===== Records shown =====
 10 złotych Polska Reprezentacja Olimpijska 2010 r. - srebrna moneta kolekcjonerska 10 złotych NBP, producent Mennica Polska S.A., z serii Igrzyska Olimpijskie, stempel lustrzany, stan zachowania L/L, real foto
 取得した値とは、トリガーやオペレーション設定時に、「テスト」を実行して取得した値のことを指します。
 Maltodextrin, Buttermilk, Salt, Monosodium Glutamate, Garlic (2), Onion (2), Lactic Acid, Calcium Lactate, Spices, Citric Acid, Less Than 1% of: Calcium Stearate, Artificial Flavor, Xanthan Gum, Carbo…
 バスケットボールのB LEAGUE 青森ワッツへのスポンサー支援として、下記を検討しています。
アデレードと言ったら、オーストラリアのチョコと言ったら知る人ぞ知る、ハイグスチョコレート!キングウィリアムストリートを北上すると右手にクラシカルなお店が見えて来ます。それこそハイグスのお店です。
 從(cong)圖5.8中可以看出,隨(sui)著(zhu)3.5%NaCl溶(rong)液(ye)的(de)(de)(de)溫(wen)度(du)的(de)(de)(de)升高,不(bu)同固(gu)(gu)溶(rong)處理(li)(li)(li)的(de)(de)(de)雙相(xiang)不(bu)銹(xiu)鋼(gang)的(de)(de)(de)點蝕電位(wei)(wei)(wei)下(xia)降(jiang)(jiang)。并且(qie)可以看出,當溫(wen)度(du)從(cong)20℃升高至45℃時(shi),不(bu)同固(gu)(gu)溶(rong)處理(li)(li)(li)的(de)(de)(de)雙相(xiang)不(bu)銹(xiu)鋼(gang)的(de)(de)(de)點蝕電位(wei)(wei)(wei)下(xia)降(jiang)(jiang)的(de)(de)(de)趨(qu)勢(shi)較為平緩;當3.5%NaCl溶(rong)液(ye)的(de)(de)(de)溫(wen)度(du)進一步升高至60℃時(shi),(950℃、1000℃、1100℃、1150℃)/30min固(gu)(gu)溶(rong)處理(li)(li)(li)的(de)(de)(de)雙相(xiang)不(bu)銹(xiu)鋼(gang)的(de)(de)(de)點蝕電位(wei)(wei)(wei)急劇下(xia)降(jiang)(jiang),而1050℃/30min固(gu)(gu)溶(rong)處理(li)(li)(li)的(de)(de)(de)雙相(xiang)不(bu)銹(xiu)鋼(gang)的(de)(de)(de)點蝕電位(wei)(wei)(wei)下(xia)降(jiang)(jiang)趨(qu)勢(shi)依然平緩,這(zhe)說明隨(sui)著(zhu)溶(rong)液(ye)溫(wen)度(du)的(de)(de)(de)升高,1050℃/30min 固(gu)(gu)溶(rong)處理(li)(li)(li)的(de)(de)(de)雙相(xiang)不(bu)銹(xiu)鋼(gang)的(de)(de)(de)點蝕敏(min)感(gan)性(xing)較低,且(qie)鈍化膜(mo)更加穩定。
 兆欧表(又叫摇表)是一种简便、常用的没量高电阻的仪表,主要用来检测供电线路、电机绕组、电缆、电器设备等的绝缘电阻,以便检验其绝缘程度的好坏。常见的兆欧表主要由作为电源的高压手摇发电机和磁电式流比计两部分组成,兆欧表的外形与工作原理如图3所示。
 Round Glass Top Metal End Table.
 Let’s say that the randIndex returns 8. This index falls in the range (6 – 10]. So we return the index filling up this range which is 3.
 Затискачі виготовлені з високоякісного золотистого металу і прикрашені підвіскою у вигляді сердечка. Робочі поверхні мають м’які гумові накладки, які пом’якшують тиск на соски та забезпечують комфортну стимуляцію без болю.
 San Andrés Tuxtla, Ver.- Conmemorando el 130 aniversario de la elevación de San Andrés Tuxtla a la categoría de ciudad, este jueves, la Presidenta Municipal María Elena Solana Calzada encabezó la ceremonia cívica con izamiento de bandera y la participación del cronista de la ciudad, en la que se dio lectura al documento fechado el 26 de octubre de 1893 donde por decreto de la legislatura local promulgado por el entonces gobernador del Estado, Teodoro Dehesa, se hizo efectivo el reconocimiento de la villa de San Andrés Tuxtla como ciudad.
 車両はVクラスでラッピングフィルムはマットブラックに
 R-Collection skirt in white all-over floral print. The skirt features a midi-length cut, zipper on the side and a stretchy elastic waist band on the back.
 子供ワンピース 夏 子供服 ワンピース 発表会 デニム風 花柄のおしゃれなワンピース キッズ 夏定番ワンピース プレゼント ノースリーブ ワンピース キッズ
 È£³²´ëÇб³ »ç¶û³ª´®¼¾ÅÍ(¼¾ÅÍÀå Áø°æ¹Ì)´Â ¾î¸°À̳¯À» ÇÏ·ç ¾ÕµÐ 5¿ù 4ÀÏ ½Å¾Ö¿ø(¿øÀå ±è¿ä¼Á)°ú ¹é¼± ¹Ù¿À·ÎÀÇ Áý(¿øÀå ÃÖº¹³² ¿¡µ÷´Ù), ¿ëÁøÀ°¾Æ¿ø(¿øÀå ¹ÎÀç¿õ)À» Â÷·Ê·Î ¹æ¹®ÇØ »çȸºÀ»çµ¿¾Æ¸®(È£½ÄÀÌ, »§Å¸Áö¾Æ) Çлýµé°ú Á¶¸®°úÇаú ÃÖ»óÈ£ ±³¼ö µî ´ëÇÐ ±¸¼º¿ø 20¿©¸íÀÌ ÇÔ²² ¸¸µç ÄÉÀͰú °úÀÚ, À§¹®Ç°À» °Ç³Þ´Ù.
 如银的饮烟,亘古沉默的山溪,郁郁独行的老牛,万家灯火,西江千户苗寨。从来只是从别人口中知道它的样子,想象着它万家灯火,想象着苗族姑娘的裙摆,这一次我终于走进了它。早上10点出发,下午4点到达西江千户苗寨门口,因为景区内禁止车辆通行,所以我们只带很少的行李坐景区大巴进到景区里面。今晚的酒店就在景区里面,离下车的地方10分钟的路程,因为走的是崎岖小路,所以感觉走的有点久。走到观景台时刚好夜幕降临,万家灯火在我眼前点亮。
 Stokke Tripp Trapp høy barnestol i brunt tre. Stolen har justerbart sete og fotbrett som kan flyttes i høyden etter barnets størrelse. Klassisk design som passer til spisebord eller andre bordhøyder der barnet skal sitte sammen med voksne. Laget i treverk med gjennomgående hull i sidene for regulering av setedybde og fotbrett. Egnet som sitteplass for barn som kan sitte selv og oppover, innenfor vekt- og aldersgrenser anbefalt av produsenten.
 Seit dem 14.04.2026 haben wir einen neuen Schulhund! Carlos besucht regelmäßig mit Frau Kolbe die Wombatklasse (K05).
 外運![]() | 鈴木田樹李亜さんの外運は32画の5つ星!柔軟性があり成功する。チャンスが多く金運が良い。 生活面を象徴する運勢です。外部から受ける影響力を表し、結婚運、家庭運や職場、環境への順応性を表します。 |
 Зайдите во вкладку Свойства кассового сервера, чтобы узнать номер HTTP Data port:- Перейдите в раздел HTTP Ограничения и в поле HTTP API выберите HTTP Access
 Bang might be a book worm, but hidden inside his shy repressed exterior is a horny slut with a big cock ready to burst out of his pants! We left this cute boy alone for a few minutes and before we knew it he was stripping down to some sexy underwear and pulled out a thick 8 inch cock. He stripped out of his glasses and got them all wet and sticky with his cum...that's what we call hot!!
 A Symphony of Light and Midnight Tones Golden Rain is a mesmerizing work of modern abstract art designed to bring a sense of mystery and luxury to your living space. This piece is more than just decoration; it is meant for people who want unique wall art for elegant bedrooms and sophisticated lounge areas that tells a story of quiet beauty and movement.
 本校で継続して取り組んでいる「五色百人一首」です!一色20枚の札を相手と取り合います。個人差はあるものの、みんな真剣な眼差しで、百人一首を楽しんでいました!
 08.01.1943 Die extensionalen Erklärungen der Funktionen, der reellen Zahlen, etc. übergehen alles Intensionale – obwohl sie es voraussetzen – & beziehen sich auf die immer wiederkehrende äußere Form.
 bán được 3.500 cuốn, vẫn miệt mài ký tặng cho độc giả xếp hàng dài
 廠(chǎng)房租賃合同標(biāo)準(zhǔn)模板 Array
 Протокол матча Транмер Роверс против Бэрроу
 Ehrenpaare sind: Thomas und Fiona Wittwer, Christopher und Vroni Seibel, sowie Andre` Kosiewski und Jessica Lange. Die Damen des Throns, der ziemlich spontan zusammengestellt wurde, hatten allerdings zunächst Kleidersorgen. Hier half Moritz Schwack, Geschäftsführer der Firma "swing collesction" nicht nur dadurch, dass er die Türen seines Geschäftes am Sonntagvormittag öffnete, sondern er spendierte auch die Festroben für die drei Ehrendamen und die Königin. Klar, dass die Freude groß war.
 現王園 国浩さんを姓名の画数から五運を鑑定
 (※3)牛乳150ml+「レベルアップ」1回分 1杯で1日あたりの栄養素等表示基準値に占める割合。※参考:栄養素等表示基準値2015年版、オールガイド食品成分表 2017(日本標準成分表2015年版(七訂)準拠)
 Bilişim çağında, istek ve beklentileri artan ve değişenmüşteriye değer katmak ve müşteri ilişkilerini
=====
Work item:
Transcribe the lines from the first line of the records through the line that contains "從(cong)圖5.8中可以", both included, and add nothing else.

Response:
 10 złotych Polska Reprezentacja Olimpijska 2010 r. - srebrna moneta kolekcjonerska 10 złotych NBP, producent Mennica Polska S.A., z serii Igrzyska Olimpijskie, stempel lustrzany, stan zachowania L/L, real foto
 取得した値とは、トリガーやオペレーション設定時に、「テスト」を実行して取得した値のことを指します。
 Maltodextrin, Buttermilk, Salt, Monosodium Glutamate, Garlic (2), Onion (2), Lactic Acid, Calcium Lactate, Spices, Citric Acid, Less Than 1% of: Calcium Stearate, Artificial Flavor, Xanthan Gum, Carbo…
 バスケットボールのB LEAGUE 青森ワッツへのスポンサー支援として、下記を検討しています。
アデレードと言ったら、オーストラリアのチョコと言ったら知る人ぞ知る、ハイグスチョコレート!キングウィリアムストリートを北上すると右手にクラシカルなお店が見えて来ます。それこそハイグスのお店です。
 從(cong)圖5.8中可以看出,隨(sui)著(zhu)3.5%NaCl溶(rong)液(ye)的(de)(de)(de)溫(wen)度(du)的(de)(de)(de)升高,不(bu)同固(gu)(gu)溶(rong)處理(li)(li)(li)的(de)(de)(de)雙相(xiang)不(bu)銹(xiu)鋼(gang)的(de)(de)(de)點蝕電位(wei)(wei)(wei)下(xia)降(jiang)(jiang)。并且(qie)可以看出,當溫(wen)度(du)從(cong)20℃升高至45℃時(shi),不(bu)同固(gu)(gu)溶(rong)處理(li)(li)(li)的(de)(de)(de)雙相(xiang)不(bu)銹(xiu)鋼(gang)的(de)(de)(de)點蝕電位(wei)(wei)(wei)下(xia)降(jiang)(jiang)的(de)(de)(de)趨(qu)勢(shi)較為平緩;當3.5%NaCl溶(rong)液(ye)的(de)(de)(de)溫(wen)度(du)進一步升高至60℃時(shi),(950℃、1000℃、1100℃、1150℃)/30min固(gu)(gu)溶(rong)處理(li)(li)(li)的(de)(de)(de)雙相(xiang)不(bu)銹(xiu)鋼(gang)的(de)(de)(de)點蝕電位(wei)(wei)(wei)急劇下(xia)降(jiang)(jiang),而1050℃/30min固(gu)(gu)溶(rong)處理(li)(li)(li)的(de)(de)(de)雙相(xiang)不(bu)銹(xiu)鋼(gang)的(de)(de)(de)點蝕電位(wei)(wei)(wei)下(xia)降(jiang)(jiang)趨(qu)勢(shi)依然平緩,這(zhe)說明隨(sui)著(zhu)溶(rong)液(ye)溫(wen)度(du)的(de)(de)(de)升高,1050℃/30min 固(gu)(gu)溶(rong)處理(li)(li)(li)的(de)(de)(de)雙相(xiang)不(bu)銹(xiu)鋼(gang)的(de)(de)(de)點蝕敏(min)感(gan)性(xing)較低,且(qie)鈍化膜(mo)更加穩定。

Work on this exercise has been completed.